В своих воспоминаниях он написал далеко не о всём. Многое мы знаем по воспоминаниям людей, которые были к нему близки. Мы приводим лишь малую часть.
Друзья и не друзья
Своей веры Валентин Всеволодович не скрывал никогда, ни в гимгназии, ни в пору студенчества, ни будучи уже известным профессором. Священнический сан он принял в 1921 году в Ташкенте, где руководил кафедрой оперативной хирургии. Уже на следующий день после рукоположения он пришёл на лекцию в чёрной рясе и с большим крестом. Почти все студенты и преподаватели встретили такое облачение профессора, как вражеский выпад. Одна из его любимых учениц заявила:
- Я неверующая, и что бы вы там не выдумывали, я буду называть вас только по имени-отчеству. Никакого отца Валентина для меня не существует.

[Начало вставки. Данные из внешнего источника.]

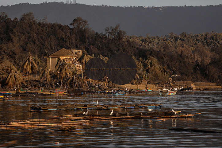 Damaged houses and trees are seen covered in volcanic ash following the eruption of Taal volcano in Batangas province south of Manila, Philippines. Taal Volcano is a large caldera filled by Taal Lake in the Philippines. Located in the province of Batangas, the volcano is one of the most active volcanoes in the country, with 34 recorded historical eruptions, all of which were concentrated on Volcano Island, near the middle of Taal Lake. The last eruption was on January 12, 2020. Philippines.
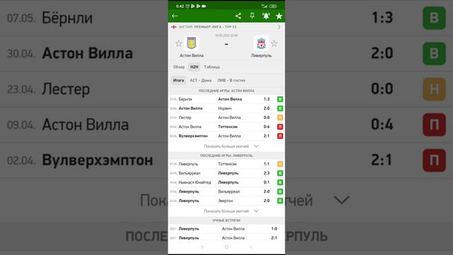 Прогноз Астон Вилла- Ливерпуль,10 05 22г
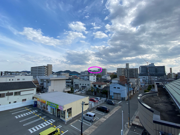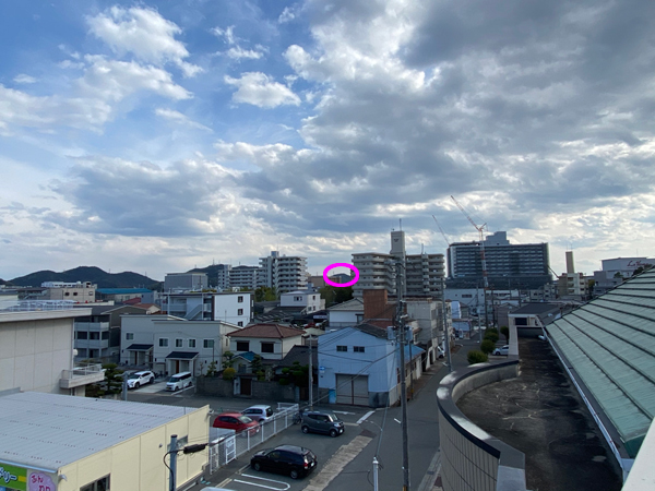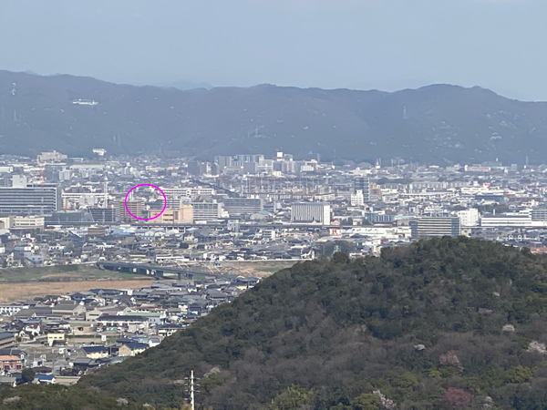 先ずは「御旅山」から見た家の方角ですが。山から見ると高いビルが邪魔して見えていないと思っておりましたが先日登った時は見えた訳で。

В ответ профессор лишь снисходительно улыбнулся.
На одном из многочисленных допросов, через которые пришлось пройти хирургу-епископу, следователь спросил его:
— Так кто же вы — друг наш или враг наш?
— И друг ваш и враг ваш, если бы я не был христианином, то, вероятно, стал бы коммунистом. Я тоже полагаю, что власть рабочих есть самая лучшая и справедливая форма власти. Но вы воздвигли гонение на христианство, и потому, конечно, я не друг ваш.
Гордость и смирение
Всякую свою операцию главный врач городской больницы и председатель Союза врачей Туркменистана Войно-Ясенецкий начинал с того что молился на висевшую в углу икону, крестился, крестил ассистентов и больного и рисовал йодом крест на месте, где должен был провести первый разрез. Один из пациентов попросил:
— Доктор, меня крестить не надо, я мусульманин.
Профессор дочитал молитву и повернулся к лежавшему на операционном столе лысому пациенту:
— Хоть религии разные, а Бог один. Под Богом все едины.
Икону в операционной Войно-Ясенецкий повесил еще до того, как принял священство. Однако внимание на неё начальство обратило лишь спустя несколько лет, когда его уже подстригли в монахи под именем апостола-целителя Луки и посвятили в епископы Ташкентской епархии. Более того, он даже уже успел отбыть первую из трёх своих ссылок. Очередная комиссия потребовала убрать предмет религиозного культа из госучреждения.
— Если вы уберёте икону, я откажусь оперировать. Я не буду работать в помещении, где не нашлось место образу Господню.
— Это будет уже сабботаж, товарищ профессор, - усмехнулся председатель комиссии, красный комиссар Гельфгот. - А саботаж по революционным законам карается расстрелом.
— Расстреливать – ваша работа, и тут вам помогает сатана. Я лечу, и мне помогает Бог. Там, где вершат кощунство над иконой я работать отказываюсь.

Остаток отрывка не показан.